Now let us check to confirm that the data has been normalized.

In [None]:
fynesse.assess.plot_county_population_heatmap(merged)

Let us proceed to make a comparison between the number of primary schools and secondary schools in each county.

In [None]:
from fynesse.assess import normalize_county_names
m = fynesse.assess.plot_schools_choropleth_map(normalize_func=normalize_county_names)
m  # displays the map in

[https://www.knbs.or.ke/wp-content/uploads/2023/09/2019-Kenya-population-and-Housing-Census-Analytical-Report-on-Education-and-Training.pdf](https://www.knbs.or.ke/wp-content/uploads/2023/09/2019-Kenya-population-and-Housing-Census-Analytical-Report-on-Education-and-Training.pdf)


# Literacy In Kenya

According to UNESCO https://www.theglobaleconomy.com/Kenya/Literacy_rate/ Kenya's literacy rate is at 82.88%.

To bring things into proper perspective, basic literacy can be defined as the ability to both read and write with understanding a short, simple statement about everyday life in English or Kiswahili.

The dataset I used here I obtained it from

In [None]:
import pandas as pd
df = pd.read_csv('https://raw.githubusercontent.com/call493/MLFC/main/kenya_literacy_2019.csv')
display(df.head())


Data used here was obtained from Kenya Poverty Report 2019 https://www.knbs.or.ke/wp-content/uploads/2023/09/The-Kenya-Poverty-Report-2019.pdf

In [None]:
# Load the poverty rate dataset
import pandas as pd

# Load poverty data from the specified URL
poverty_df = pd.read_csv('https://raw.githubusercontent.com/call493/MLFC/main/kenya_poverty_2019.csv')
print("Poverty data loaded successfully!")
print(f"Poverty dataset shape: {poverty_df.shape}")
print(f"Poverty dataset columns: {poverty_df.columns.tolist()}")
display(poverty_df.head())

In [None]:
# Merge poverty_df with the previously loaded literacy dataset
# First, let's examine both dataframes and ensure proper column names
print("Columns in poverty_df:", poverty_df.columns.tolist())
print("Columns in df (literacy):", df.columns.tolist())

In [None]:
# Check county names to identify any inconsistencies
print("\nCounties in poverty_df:")
print(sorted(poverty_df['County'].unique()))
print("\nCounties in literacy df:")
print(sorted(df['County'].unique()))

In [None]:
merged_df = fynesse.assess.merge_literacy_and_poverty(df, poverty_df)

In [None]:
df_analysis, corr_coef, p_value = fynesse.assess.clean_and_summarize_merged_df(merged_df)

In [None]:
print(df.columns.tolist())
print(df_analysis.columns.tolist())

In [None]:
results = fynesse.assess.correlate_and_plot_poverty_literacy(df_analysis)

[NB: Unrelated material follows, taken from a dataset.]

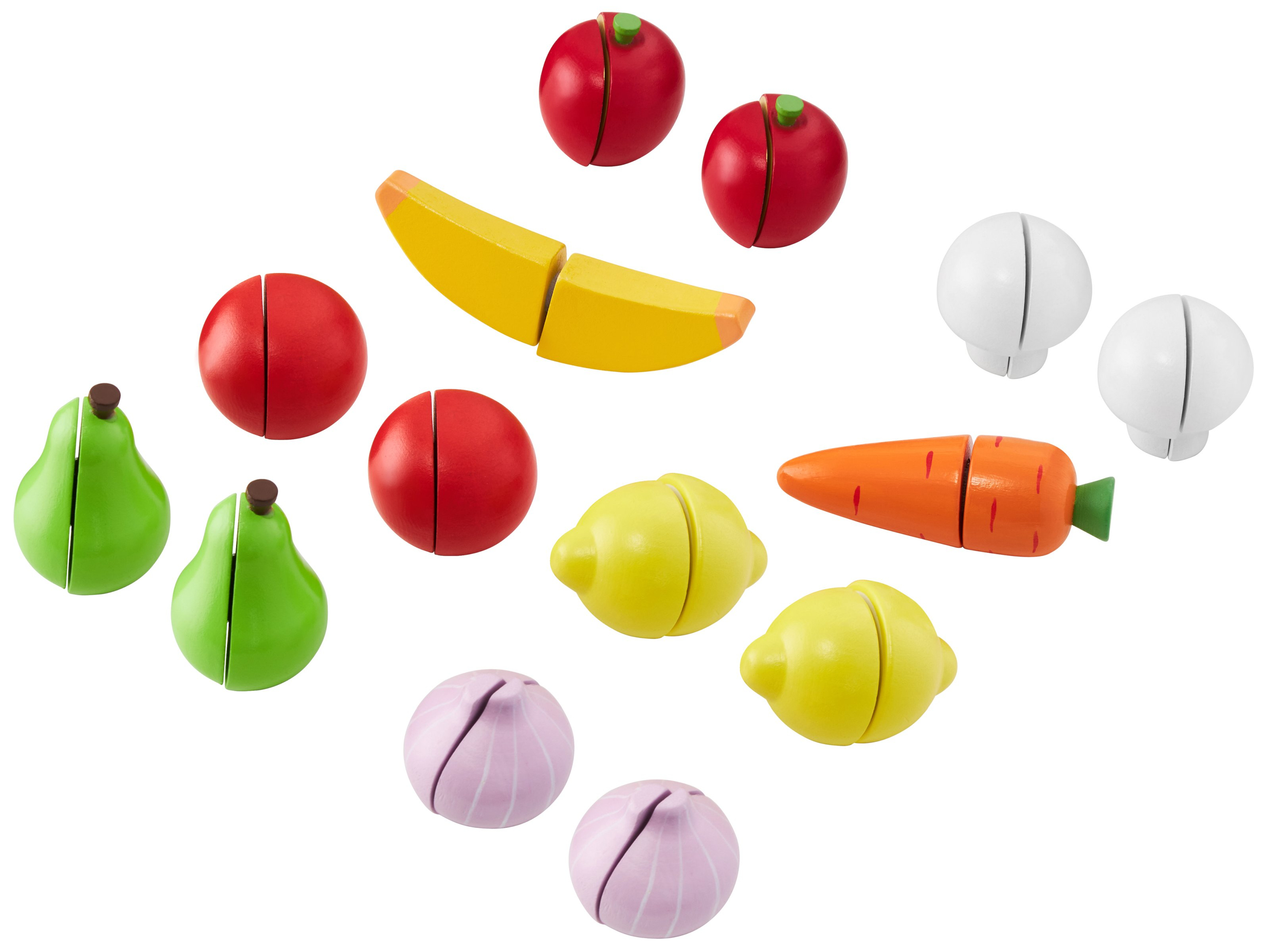 - kuni 16 tükeldatavat köögivilja ja puuvilja (iga köögi- või puuvilja koosneb kahest poolitusest, mis on omavahel ühendatud Velcro'ga)

These results show a strong negative correlation between poverty rate and literacy rate across Kenya’s counties for 2019:

*   Pearson correlation coefficient: -0.841

> This value is close to -1, meaning as poverty rates increase, literacy rates tend to decrease in a nearly linear pattern.

> The p-value (1.72e-12) is extremely small, indicating this result is highly statistically significant—the likelihood that this correlation is due to random chance is virtually zero.

*  Spearman correlation coefficient: -0.785

> This also shows a strong negative relationship, based on ranking the counties (not just the exact values).

> The small p-value (4.54e-10) again means the evidence is very strong statistically.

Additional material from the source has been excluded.